Taint spreads farther, deeper

First of two parts. 

By TRACY DAVIS

NEWS STAFF REPORTER

In a small metal building along busy Wagner Road past the west side of Ann Arbor in Scio Township, a dozen people work full-time on the largest U.S. ground-water cleanup east of the Mississippi River.

 

Cutting-edge machinery hums around the clock, pumping and treating water tainted with a cancer-causing chemical. The company responsible for the pollution is spending $5 million a year cleaning it up.

 

Yet despite the millions Pall Life Sciences has spent and the billion-plus gallons it has treated, the chemical - called 1,4-dioxane - has slipped away, seeping farther and deeper into the ground than thought possible. It found its way more than 200 feet below ground into the deepest aquifer, known as Level E, which makes its way under Ann Arbor and toward file Huron River.

 

Now drilling rigs are showing up farther inside Ann Arbor. Residents are likely to see cleanup efforts - drilling, pumping and treating water - in the city over the coming years on both city and private property.

 

One well used for Ann Arbor’s public water supply has been shut down as a precaution and geologists say it’s possible that the dioxane plume may migrate into the river - the source of about 80 percent of Ann Arbor’s water. The plume could also continue to spread into private wells west of the city.

 

It’s a significant development for Washtenaw County’s most contentious, protracted environmental cleanup, slowed for years by lawsuits, court injunctions and political sparring.

 

Until recently, officials Pall, which makes medical filters, thought the end of the cleanup was in sight: They would finish by July 2005, the deadline imposed by a circuit court judge. Well monitoring would probably continue; there might be ongoing cleanup of a wetland on Pall property. But the removal of decades-old contamination would be done.

See PLUME, A11

 

Workers drill a well in January at the Pall Life Sciences plant on Wagner Road.

More coverage

DEQ wants to collect fines now

Continued from A1

PLUME

All that has changed.

Although Ann Arbor officials say they're confident that people on municipal water lines are safe, the city's Montgomery Well which, with another well supplies 20 percent of the city's water supply, was taken off-line last spring as a precaution after tiny amounts of dioxane were found in it.

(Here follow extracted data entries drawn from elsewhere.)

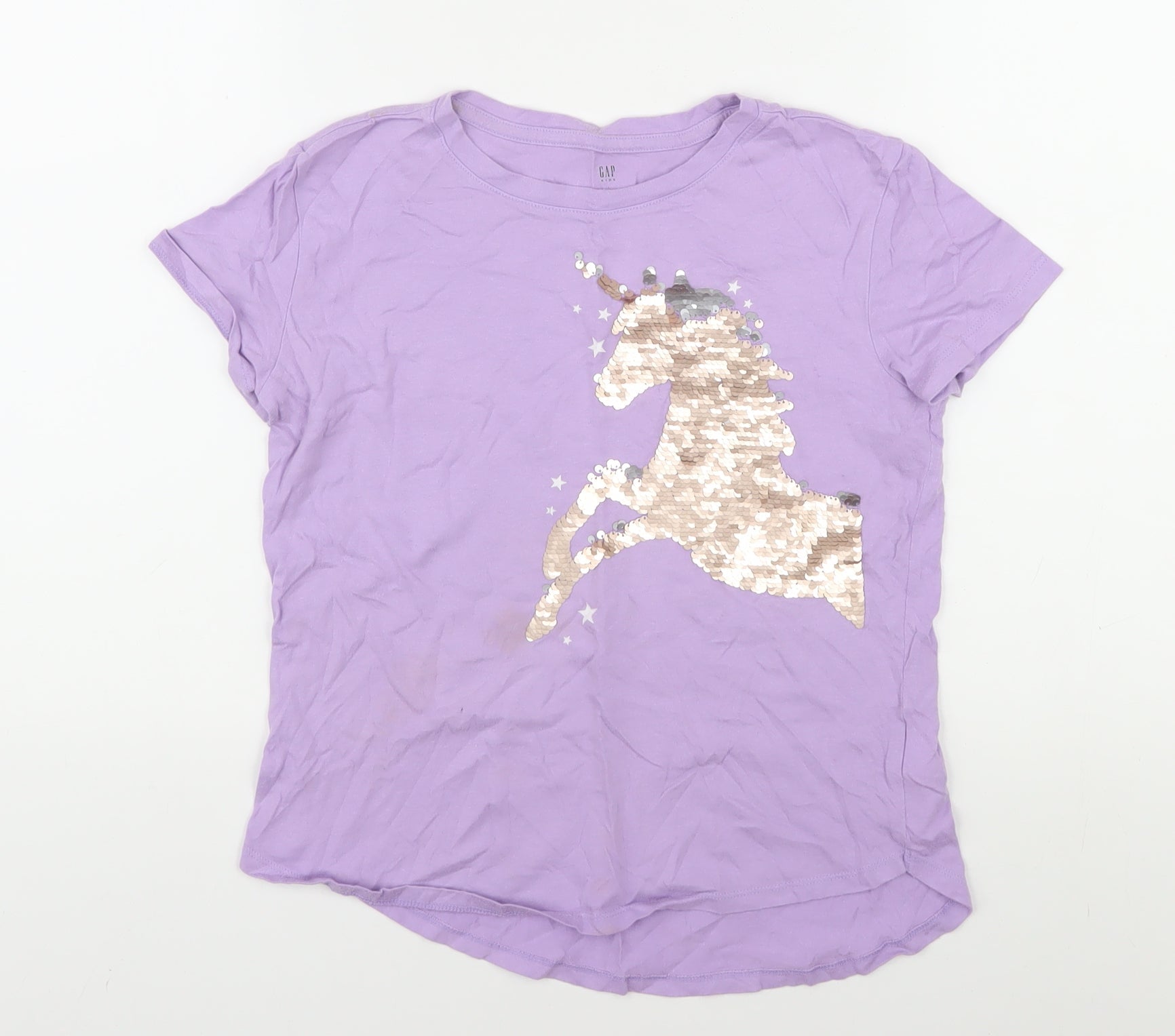 GAP Girls Purple Unicorn Sequin T-Shirt 10-11 Years Cotton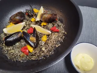 イカスミのパエリア ヤリイカとムール貝、パプリカが入ったイカスミ魚介ソースのパエリアです。マオンソースを添えると少しクリーミーな味わいに。レモンの酸味も爽やかで良い感じです。キューピーさんの懸賞でいただきました。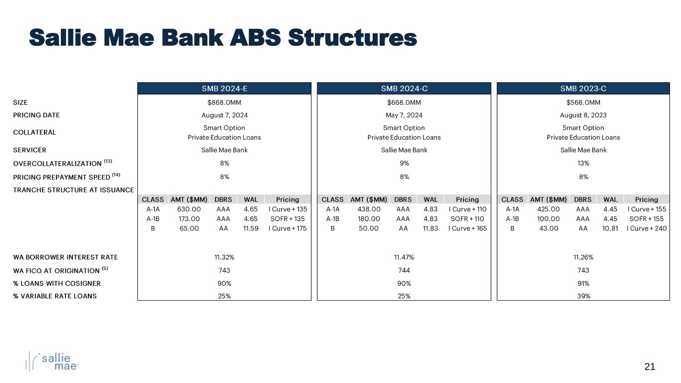 20 Sallie Mae Bank ABS Summary – Last 12 Quarters (On-Balance Sheet)* * Pool characteristics represent the last three years of issuance as of the Statistical Cutoff Date for the respective transaction. 21-D 21-E 22-C 23-A 23-C 24-C 24-E Issuance Date 8/18/2021 11/9/2021 8/9/2022 3/15/2023 8/16/2023 5/15/2024 8/14/2024 Total Bond Amount ($mil) $527 $534 $575 $579 $568 $668 $868 Initial AAA Enhancement (%) 13% 12% 22% 18% 19% 16% 15% Initial Class B Enhancement (%) 6% 5% 16% 11% 13% 9% 8% Wtd Avg Spread over Benchmarks 'AAA' Rated A Classes (%) +0.62% +0.63% +1.64% +1.41% +1.55% +1.10% +1.35% A and B Classes Combined (%) +0.69% +0.69% +1.76% +1.53% +1.69% +1.19% +1.42% Loan Program (%) Smart Option 100% 100% 100% 100% 100% 100% 100% Loan Status (%) (12) School, Grace, Deferment 58% 59% 59% 62% 61% 70% 63% P&I Repayment 40% 40% 41% 37% 39% 28% 36% Forbearance 2% 1% 1% 1% 1% 2% 1% Wtd Avg Term to Maturity (Mo.) 143 143 145 160 159 172 170 % Loans with CoSigner 92% 92% 92% 92% 91% 90% 90% Not For Profit (%) 90% 90% 92% 92% 90% 87% 88% Wtd Avg FICO at Origination (6) 742 741 743 744 743 744 743 Wtd Avg Recent FICO at Issuance (6) 745 745 745 742 741 738 738 Wtd Avg FICO at Origination (Cosigner) 744 743 745 746 745 746 745 Wtd Avg Recent FICO at Issuance (Cosigner) 748 748 748 745 745 742 742 Wtd Avg FICO at Origination (Borrower) 721 720 722 722 724 727 726 Wtd Avg Recent FICO at Issuance (Borrower) 712 711 706 701 703 701 700 Variable Rate Loans (%) 50% 50% 48% 43% 39% 25% 25% Wtd Avg Annual Borrower Interest Rate 8.64% 8.68% 9.30% 10.86% 11.26% 11.47% 11.32%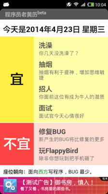 3.本老黄历内容是程序生成的,因为只有这样程序员才会信。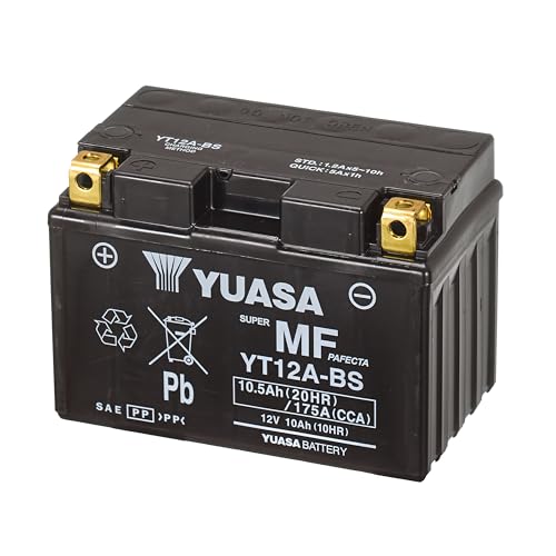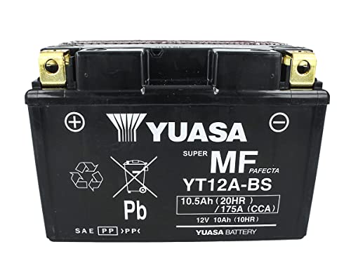 Yuasa YT12A-BS motorcykelbatteri - underhållsfritt - 12 V 10 Ah - mått: 150 x 87 x 106 mm, kompatibelt med CAGIVA Raptor (alla modeller) 1000 2016SUZUKI GSF Bandit 1250 2007–2008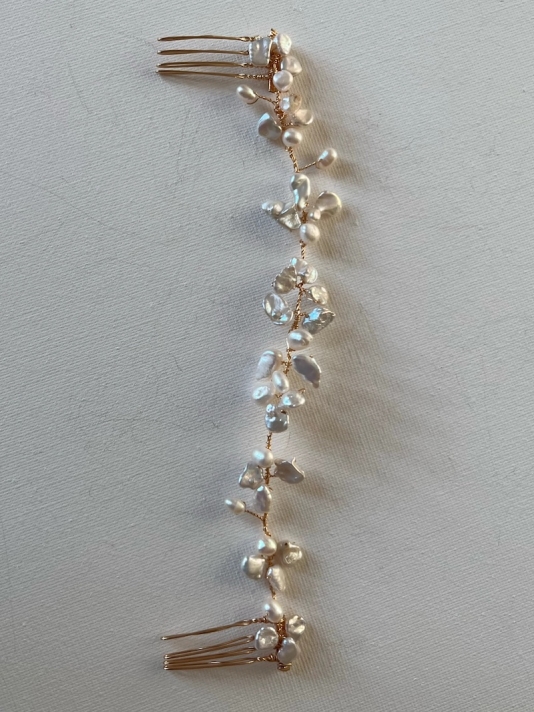 Nova Haarstreng Goud door Sally Jane Bridal is een prachtig handgemaakt, flexibel haaraccessoire dat zachte, natuurlijke elegantie toevoegt aan elke bruidsstijl. Met unieke ruwe parels en glanzende zoetwaterparels op een fijn goudkleurig draadje creëert deze 18 cm lange haarrank een romantische, organische uitstraling. Het lichte, buigbare ontwerp maakt het gemakkelijk om in vlechten te verwerken, rond een lage knot te wikkelen of in een half-updo te stylen. Perfect voor bruiden die op zoek zijn naar een minimalistische, boho of romantische touch.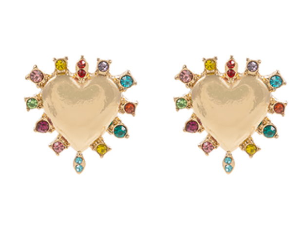 Valentine's Heart Burst Stud - Gold and Multi Rhinestone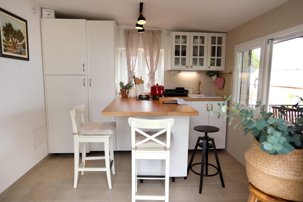 Ce sa spun despre acest gen de cazare si acest gen de gazde... Casa este perfecta, ideala pentru cei care doresc liniste si liniste, fara zgomot turistic si aglomeratie. Bucătăria este dotată cu tot ce este necesar pentru gătit, de la mâncăruri la condimente. Totul este îngrijit și impecabil de curat. Există suficientă apă și electricitate dacă sunt folosite rațional. Marea este la doar 10 pași de casă și este limpede. Iar terasa este superbă, cu o priveliște care îți taie respirația. Gazdele sunt oameni veseli, veseli care, la sosire, ne-au pregatit un pranz excelent. Snjezana și Siniša, vă mulțumesc din suflet! Vom reveni cu siguranță. Aceasta a fost cea mai bună vacanță a noastră de până acum!

Pall must now drill new wells to find the expanding contamination and pinpoint the best location, possibly within Ann Arbor, for drawing water out for treatment from the depths of 200-plus feet.

"With the growth going on in this area, we cannot afford to bypass any source of potable water," said County Commissioner Vivienne Armentrout, D-Ann Arbor. "What's happening with the migration into lower aquifers underscores the importance of doing really aggressive remediation."

The pollution expands

After years of drilling test wells on the west side of the city, Pall officials believe they've defined dioxane's reach in upper aquifers. But they haven't figured out how far into the city the "E" aquifer contamination goes. Experts from all sides agree the aquifer likely empties into the Huron River. If the pollution plume reaches the river, it will be diluted so much it's unlikely to pose any threat; levels may not even be detectable.

But no one wants the dioxane to reach the river. The city has increased its water tests at the Huron River intake pipe from a quarterly schedule to a monthly one.

This latest hurdle could prove costly for the company. If Pall, which employs 500 locally, fails to meet its cleanup deadline in less than 3 1/2 years from now, it faces up to $5 million in accumulated fines for cleanup discharge and deadline violations. 

At a December status hearing, Washtenaw County Circuit Court Judge Donald Shelton, who ordered the five-year deadline, told Pall the Department of environmental Quality officials to stop squabbling over details and do what was needed to clean the groundwater.

"There's obviously a fire here, going on underground," he said at the hearing. Pall must now drill new wells to find the contamination and pinpoint the best location, possibly within Ann Arbor, for purging water from depths of 200-plus feet.

The chemical

Dioxane is not the same as its more infamous chemical cousin, dioxin.

Dioxin refers to a group of bioaccumulative, carcinogenic, toxic compounds that are byproducts of some industrial processes. It's nasty stuff.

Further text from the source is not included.